Sometimes, they score low on the assessment and are recommended to drop the class and take college prep classes. I have personally recommend students to do so, but only if they had met the requirements for it and their writing sample caused me to get a nose bleed. However, I never pick at their personal lives and just judge by the work. This student told me, after transferring into my class at the last minute, that her previous professor looked at her writing sample, grimaced, and then asked when was the last time she was in college. She was so embarrassed.

I have never asked a student that question, and I feel that it is not right to do so. I gave her my diagnostic, and while her skills showed some grammar and punctuation weaknesses, she did adhere to the prompt and answered it. Thus signaling to me, she should stay in my class, but I recommended tutoring and making her well aware of my office hours and e-mail address. Between the English tutors and her e-mailing me with questions, she successfully navigated her way through my class well above passing.

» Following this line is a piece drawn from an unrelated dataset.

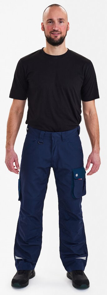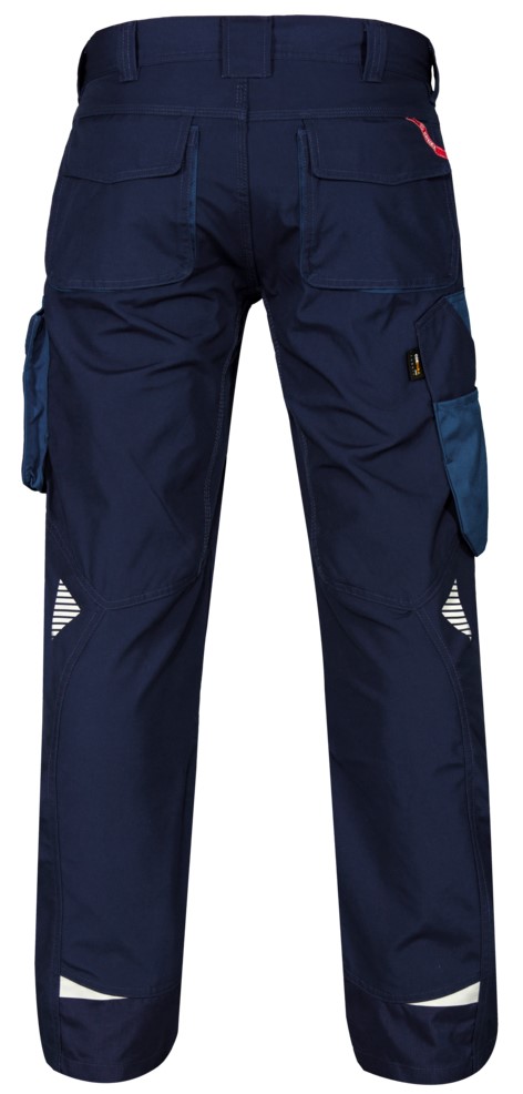 Functional work trousers with many details. Optimum fit, including ergonomically shaped knees and a panel on the inseam in the crotch for greater comfort. Two spacious, slanted slit pockets at the front. Loop with D-ring (front) for attaching an ID card. Two spacious back pockets with flap and Velcro fastener. Thigh pocket with zipper pocket for cell phone, additional small pocket. It is spacious and provides more freedom of movement thanks to the free-hanging bottom. Reinforced ruler pocket at the bottom with additional compartments. The ruler pocket also has a free-hanging bottom. Knee reinforcement/knee pocket with Velcro fastener at the bottom and two adjustment options for knee pads. Reinforced hem at the back and front of the trouser legs for extra wear resistance. Reflective strips on the knees and at the bottom of the trouser legs for increased visibility. Suitable for industrial laundering.

She shared with me, during my final round of office hours, that the other professor really dented her self-esteem, and it almost made her rethink her choice of going back to school. And then, someone told her that I was a wonderful professor who had the patience for second timers, like herself. I was flattered, but I needed her to realize that she needed to harden herself against this negativity. I told her to never let a person, professor, or society, for that matter, do that to her again. I have been dealing with people like that my whole life. My kindergarten teacher told my mother I was retarded, even though I could read and write at such a very young age. Her beef was I just wouldn't sit still and couldn't use scissors properly. ( Two degrees later, and I still can't cut anything straight.) In addition, I had severe test anxiety all throughout grade school and high school, but I still managed to get into college, despite what certain guidance counselors thought. Not to mention, all the times I was called down to their office for my angst-ridden/disturbing poetry and fiction. Then came graduate school, where many of my pieces were so harshly criticized that one of my classmates was so bold to tell me, in gobs of condescending red ink, that they would never be published. Years later, many of them have graced numerous magazines and journals. I am currently working on getting them published as a collection. #alwayssubmittingneverquitting

I told her this and went back one more generation. I needed this lesson to stick to her ribs and resonate. My mother's parents were told to give her up to the state and institutionalize her when it was discovered she had a severe learning disorder. The doctors said she would never learn to read, write, or speak properly and would always be a burden. My grandparents refused to accept that. They made sure to instill in her early the mentality of not quitting and provided her with best education that they could. And now, my mother reads so much, that she averages about two books a week.

I hope this student walked away with a stronger sense of what I like to call Falcorion wisdom. This wonderful character wisely preached the magical potency of never giving up.